PDG Mathew is happy that the clubs did not go for a global grant as “it takes 18–24 months to implement projects. Club presidents want to see their pet projects implemented during their term.” GG is not the right choice for clubs planning a ‘limited-scale project with a fixed time schedule.’
Mathew recalled how during his governorship (2017–18), G N Nair, Treasurer, RC Trivandrum Central, had envisaged a Rotary Mammogram Centre at the Government Medical College. “He spoke to State Finance Minister Dr Thomas Isaac who pulled the strings to make KSFE, a public sector undertaking, sanction ₹25 lakh under its CSR initiative to set up the mammogram facility which will be inaugurated shortly.” This CSR partnership gave the clubs the confidence to think of big projects.
In the coming year, RC Kazhakuttom will take up the standalone dialysis centre for “which we have identified an international partner and we will be applying for global grant for this mega project,” said Shyam Starry Pereira, Club President. DG Shirish Kesavan has agreed to set aside a DDF of $10,000 for this mega dialysis centre.
Despite odds and limited money, Sugandhi (31), a CKD patient, has to travel 30 km from her house at Nedumangad, city suburb, for free weekly sessions at the Government Medical College and at a private medical college where she was charged ₹1,800 for a sitting. With a smile on his face, her husband Kannan said, “we are keen to avail the subsidised service at the Ramakrishna Hospital which is closer to our home.” Mohammed Navaz is relieved that he can take his ailing sister Rafkhan Beevi (52) to a hospital where they had visited many times to avail OPD services.
While the Ramakrishna Mission spent ₹15 lakh for the Rotary Centre, the two clubs donated dialysis machines worth ₹25 lakh.
The worsening scenario
In 2010, Kerala had just 300 dialysis machines and Thiruvananthapuram, its capital, had 80 of them. Now, the State has around 3,300 machines and the capital has 800 units. “In spite of the dialysis units being set up at government hospitals, the growing demand from CKD patients far outstrips the supply,” said V Balagopal Nair, President, RC Trivandrum Central, RID 3211.
Addressing a large gathering at the inauguration of the Rotary Dialysis Centre, DG Shirish Kesavan said Rotary leaders in India had clinched a deal with the manufacturers to procure around 5,000 dialysis machines at a bulk discount of 25 per cent and urged the clubs to utilise this offer for their communities
Earlier, Legislator O Rajagopal inaugurated the Rotary Dialysis Centre in the presence of Sasthamangalam Councillor Bindu Sreekumar. Hospital Adhyaksh (chief) Swami Mokshavratananda welcomed the Rotary leaders, government officials and performed the rituals.

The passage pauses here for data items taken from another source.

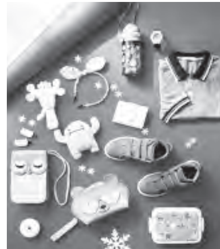
Cute gifts for kids of all ages and Secret Santa gifting ideas.
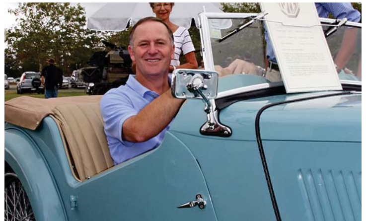
• Prime Minister John Key tries out a classic 1949 MGTC sports car

• All photos © 2014 Helensville News 2011 Ltd
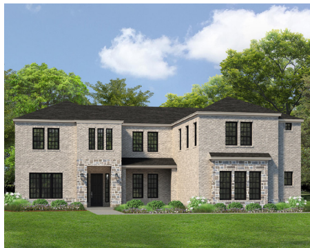
ELEVATION C MEDIA W/ STONE
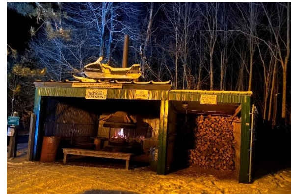
Russ took this AWESOME photo of the warming hut.
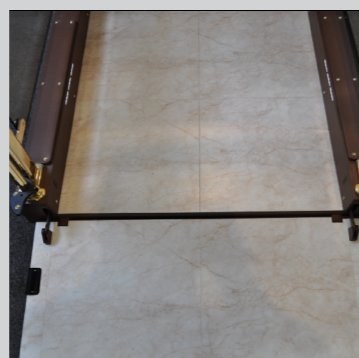
Special Floor Covering
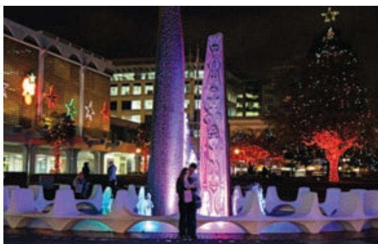
Centennial Square in downtown Victoria

A community health centre (CHC)-cum-PHC in Palode on the outskirts was adopted by RC Trivandrum Central at a cost of ₹10 lakh. “It serves to the needs of tribals,” adds Mathew.
In another tribal outreach, the club is providing electricity to 25 poor families in Kottoor, a forest area 70 km from city, at a cost of ₹1.5 lakh. A well and two toilet blocks at a total cost of ₹2 lakh benefit 30 tribal children of a government primary school and 300 families in this village, said Balagopal.
A child and maternity block at the CHC, Puthenthope, was revamped at a cost of ₹6–7 lakh by RC Kazhakuttom and “we are still maintaining it and supplying their medical needs,” said Pereira. With floods ravaging parts of Kerala in the last two years, a wells rejuvenation programme has desilted and deepened badly-damaged household wells of poor families at Chengannur, Kottayam, Vaikom and Ranni, Pathanamthitta, last year and this year the club will do another 200 wells in Kozhikode.